I can do anything, so I tried to normalize it for the time being.
processing_csv.py
import re, datetime
import pandas as pd
# from IPython.display import display
url='http://kei008220.webcrow.jp/seika.csv'
r=pd.read_csv(url,encoding='Shift-JIS', header=None)

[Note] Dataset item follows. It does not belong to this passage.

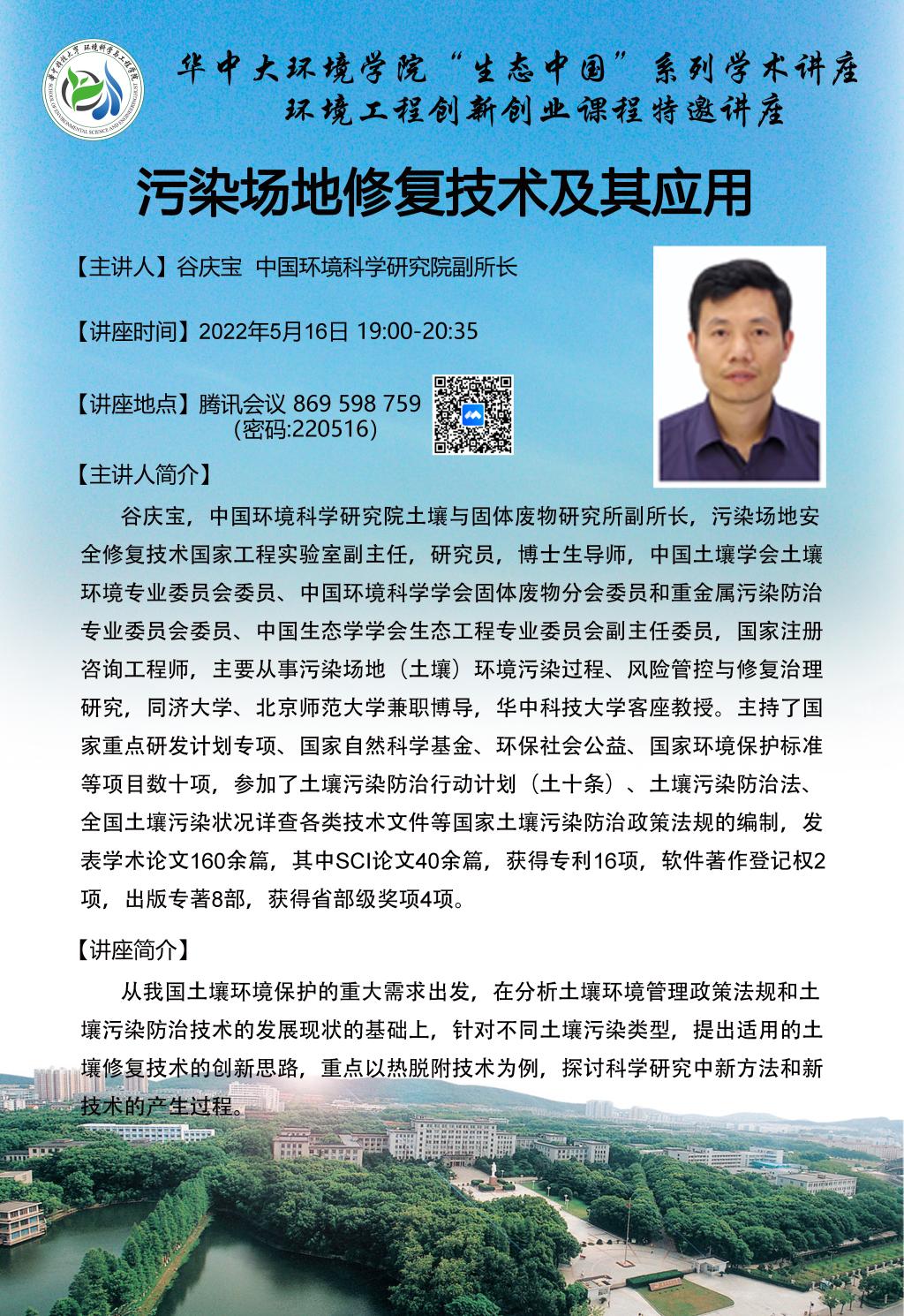 2022年5月16日晚上,应我院王琳玲老师和侯慧杰老师的邀请,中国环境科学研究院土壤与固体废物研究所副所长谷庆宝研究员在东十二楼111室为我院师生做了《污染场地修复技术及其应用》学术讲座。本次环境工程创新创业课程特邀讲座由王琳玲老师主持,环境学院师生和行业专家学者在线上线下一同参加了本次交流活动。

#pd.set_option('display.max_rows', 100)
#Verification
r=r.dropna(how="all", axis=1)
#display(r)
#I will put it in by appearance
hyoudai=r.iloc[0,0] #title
nichiji=r.iloc[1,0] #Date and time: Wednesday, January 13, 3rd year of Reiwa Weather(Sunny)Separated later
sijou=r.iloc[2,11] #Market name
hanbairyo_vegetable=r.iloc[3,2] #Vegetable sales volume
hanbairyo_fruit=r.iloc[3,2] #Fruit sales volume, unit(t)Want to separate later
hanbairyo_full=r.iloc[5,1]+r.iloc[5,2] #Sales volume, unit(t)For the time being, stick them together
hinshu_kugiri=r[r[0].str.contains('(\d)', na=False)].index #Rows (1) and (2) of the market price table by major item[8,45]

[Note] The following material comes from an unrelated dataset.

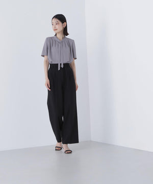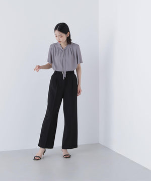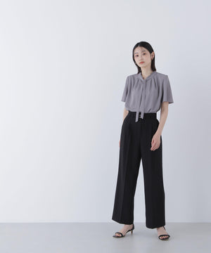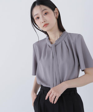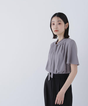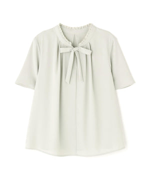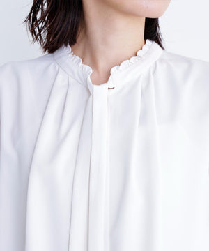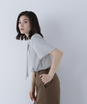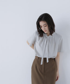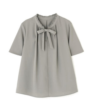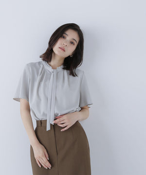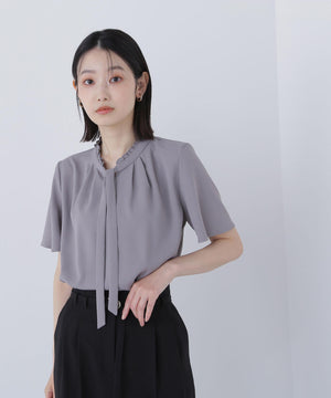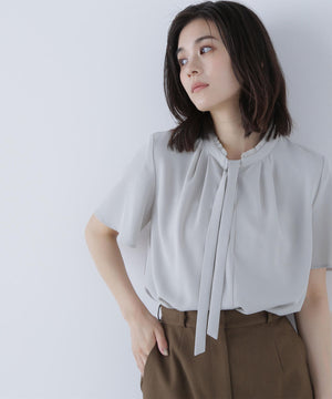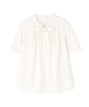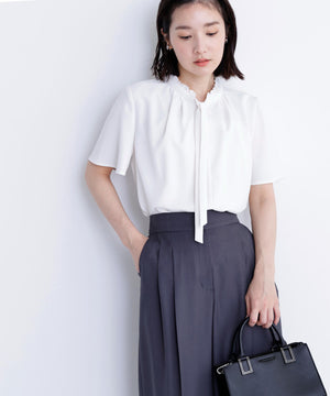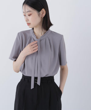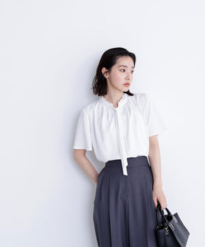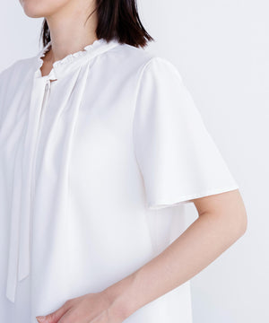 フリルネックナローボウタイブラウス

vegetable=r.iloc[hinshu_kugiri[0]+1:hinshu_kugiri[1],:]
fruit=r.iloc[hinshu_kugiri[1]+1:,:].dropna(how="all")
#Create a table of vegetables
veg1=vegetable.iloc[:,:7]
veg2=vegetable.iloc[:,7:]
veg2.columns=[0,1,2,3,4,5,6]
veg=pd.concat([veg1,veg2[1:]],ignore_index=True).dropna(how="all") #The two rows were combined vertically. At that time, the index is changed.

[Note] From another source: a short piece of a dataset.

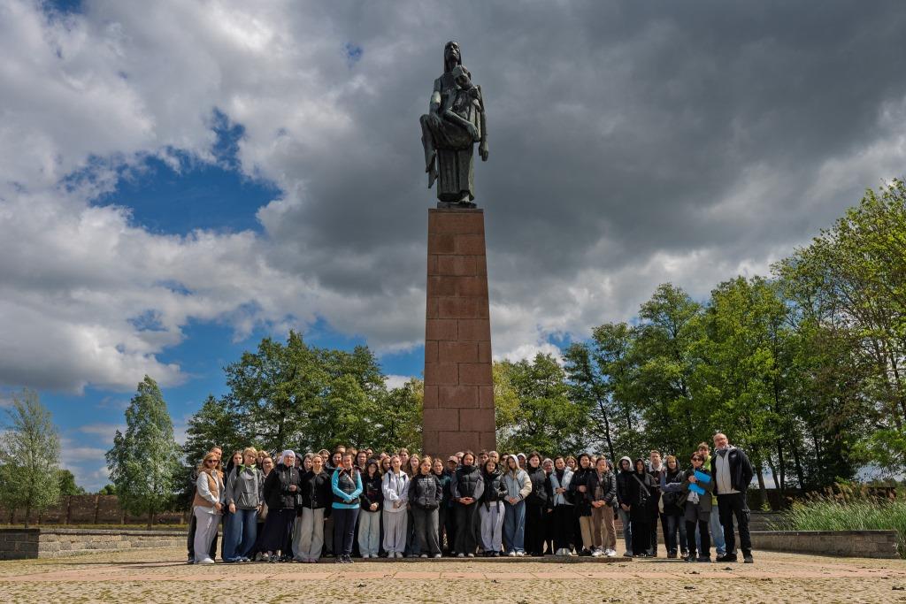 Ten cytat przywitał grupę laureatów XI Ogólnopolskiego Konkursu Recytatorskiego „W kręgu poezji i prozy lagrowej więźniarek obozu KL Ravensbrück”, którzy w ramach zakończenia eliminacji zaproszeni zostali do wzięcia udziału w nietypowej lekcji historii. W dniach 23-26 maja 2025 roku dzięki zaangażowaniu oddziału IPN w Katowicach uczestnicy konkursu przebywali na terenie byłego obozu. Uczestniczyli w licznych prelekcjach i warsztatach. Miały one za zadanie przybliżyć uczniom los więźniarek, ich codzienność i trud, który pokonywały, wierząc w to, że Polska będzie wolna, a one będą miały szansę wrócić do ojczyzny. Naszą szkołę reprezentował Dawid Ziemecki z klasy 3O5 wraz z opiekunem panią Marzeną Suchowiak. Do konkursu przygotowała Dawida pani Monika Ograbek.

veg[2]=veg[2].str.cat(veg[3], na_rep='') #Since the unit was in two rows, stick them together
veg=veg.drop(columns=3,axis=1) #Delete unnecessary columns after sticking
veg.columns=veg.iloc[0,:] #Specify column name
veg=veg.iloc[1:,:] #Delete the row used for the column name
veg['type']='Vegetables' #Vegetablesだけじゃないので列を追加
#display(veg)
#Create a table of fruits
fru=fruit.iloc[:,:7]
fru=fru.dropna(how="all", axis=0)
fru.iloc[:,2]=fru.iloc[:,2].str.cat(fru.iloc[:,3], na_rep='')
fru=fru.drop(columns=3,axis=1)
fru.columns=fru.iloc[0,:]
fru=fru.iloc[1:,:]
fru['type']='fruit'
#display(fru)
#Join
seika=pd.concat([veg,fru], ignore_index=True)
for i in ['High price','Medium price','Low price']:
seika[i]=seika[i].str.replace(',','')
seika['date']=nichiji.split()[0]
seika['weather']=re.search(r'(?<=weather.)[^\)]+',nichiji).group()
#Reiwa → AD
wareki=re.search(r'(\d+)\D+(\d+)\D+(\d+)',nichiji.split()[0]).groups()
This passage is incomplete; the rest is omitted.